ADVERTISEMENT

Everything You Need to Know About the House Republican Tax Plan

How House Republicans Want to Rewrite Tax Law: A User’s Guide

Everything You Need to Know About the House Republican Tax Plan
A staff member adjusts a sign on a podium before a news conference on tax reform on Capitol Hill in Washington, D.C., U.S. (Photographer: Andrew Harrer/Bloomberg)

(Bloomberg) -- House Republicans announced a tax proposal Thursday that would cut the U.S. corporate tax rate to 20 percent, reduce most of the individual tax brackets, and cap the mortgage-interest deduction on new purchases of homes.

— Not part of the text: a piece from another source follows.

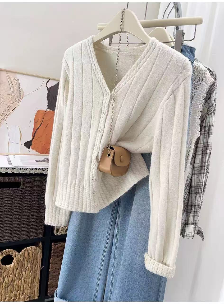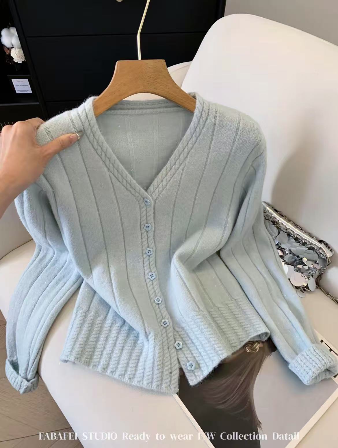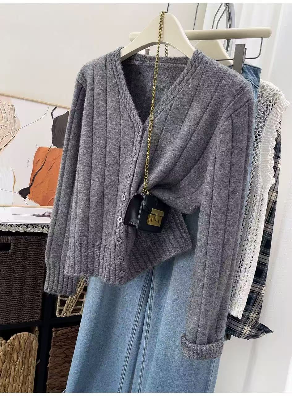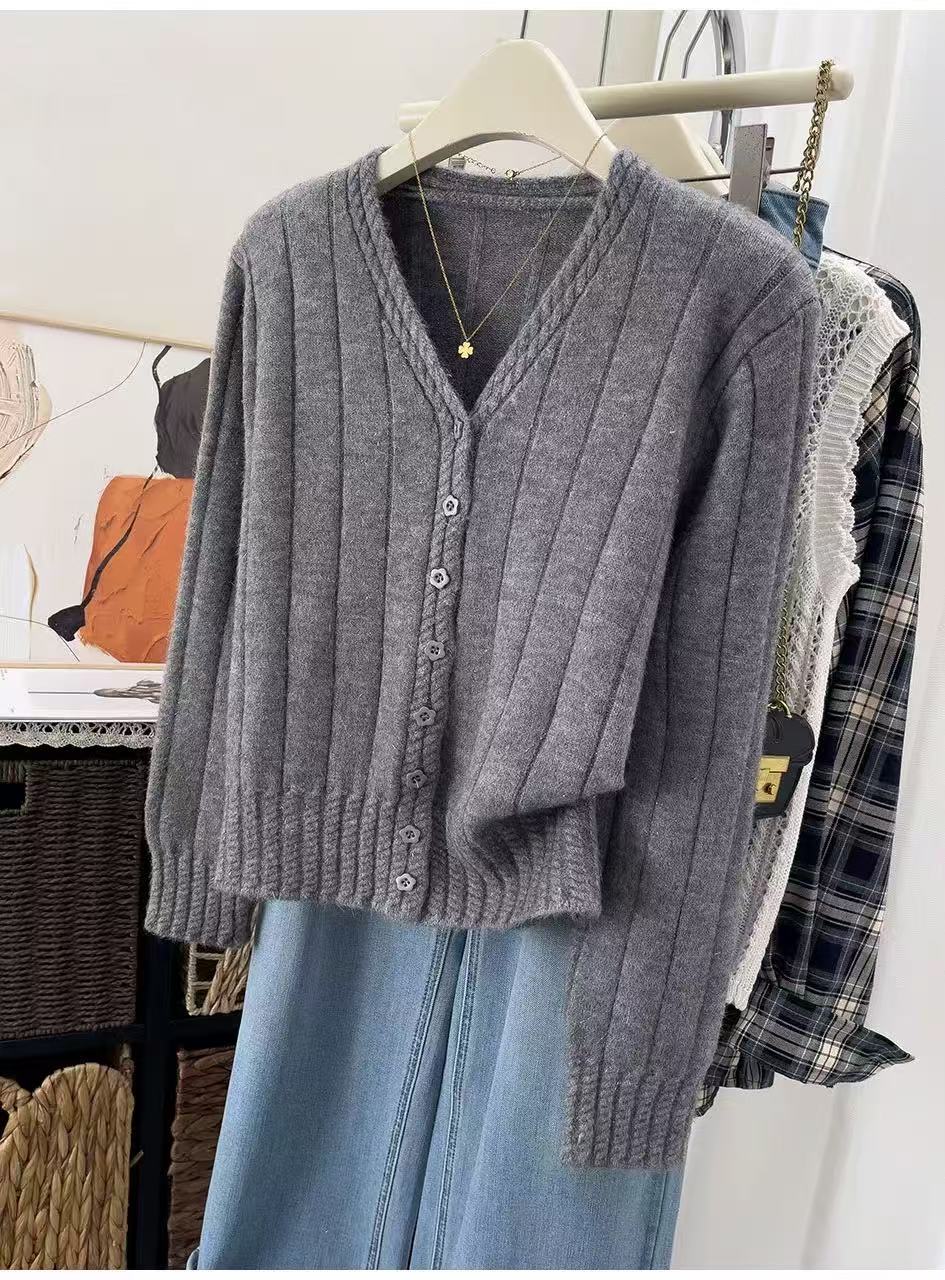 女王节抢购价-不支持退→清!不支持退货【自营】跨年福利-【超美毛衣】星空银丝款~Z094韩系花朵扣麻花下摆V领开衫毛衣-喜出

The measure would phase out the estate tax over five years and impose a tax of as much as 12 percent on multinational companies’ accumulated offshore earnings. House Ways and Means Chairman Kevin Brady may revise the bill over the weekend before his committee starts considering it on Monday. The Senate aims to propose its own bill as early as next week.

Here’s a guide to some of the House measure’s major provisions:

Individual Taxes

The rates would be consolidated from seven to four, while setting a $24,000 standard deduction for joint filers and keeping the current top bracket of 39.6 percent. The personal exemption of $4,050 each would be repealed, and the tax thresholds would be increased annually according to a rule called chained CPI. 

  • Chained CPI is a formula that would subject more income to higher tax rates than under the regular consumer price index.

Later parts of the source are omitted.